Other special characters, including accented or grouped characters, add other complications. For example, the "-" hyphen character in the word "black-bird" is only significant if the other letters in the compared strings are identical.


Localizable Collation

Different collation objects associated with various locales handle the differences required when sorting text strings for different languages.

To See This...

Do This...

In French, accent differences are sorted from the end of the word, so the ordering of "pęche" and "péché" changes from the English ordering.
  1. Select Tertiary from the Strength menu.
  2. Select French (France) from the Locale menu
In German the ordering of "Töne" changes, because German treats o + umlaut (ö) as if it were oe.
  1. Select German (Germany) from the Locale menu.

Searching

Precisely the same collation object can be used to do language-sensitive searching as well.

To See This...

Do This...

Different matching strengths determine whether you have a loose fit, or you want an exact match.
  1. Select the Search tab.
  2. Select Primary from the Strength menu.
  3. Type "Blackbird" into the Search String field.
  4. Click in the target field, and hit right or left arrows
  5. The matching items are highlighted.
Since German treats o + umlaut (ö) as if it were oe, "Töne" and "Toene" will match.
  1. Select German (Germany) from the Locale menu.
  2. Select Secondary from the Strength menu
  3. Type "Toene" in the Search String field.
  4. Click in the target field, and hit right or left arrows
  5. The matching items are highlighted.
A word-break iterator can also be used to restrict matches to whole words.
  1. Check the Match Whole Words Only box at the bottom.
  2. Select Primary from the Strength menu.
  3. Type "blackbird" in the Search String field.
  4. Click in the target field, and hit right or left arrows
  5. Only the whole words that match are highlighted.

Customization

You can produce a new collation by adding to or changing an existing one. You can do this in the demo using the Customize tab in the demonstration. This panel shows the rules that make up the collation sequence for that language. (At the start of the list are a number of odd-looking items such as"\u0308". These use Java notation for Unicode characters, used here because most browsers are currently unable to display the full range of Unicode characters.)

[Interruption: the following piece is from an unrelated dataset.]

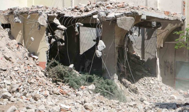 Diyarbakır'da ağır hasarlı bina yıkılırken yandaki sağlam bina da hasar aldı

In all of the following examples, you can cut and paste sample rules or test cases instead of typing them in manually. Paste them at the end of the respective fields.

To See This...

Do This...

You can modify an existing collation. Adding items at the end of a collation overrides earlier information.

For example, you can make the letter P sort at the end of the alphabet.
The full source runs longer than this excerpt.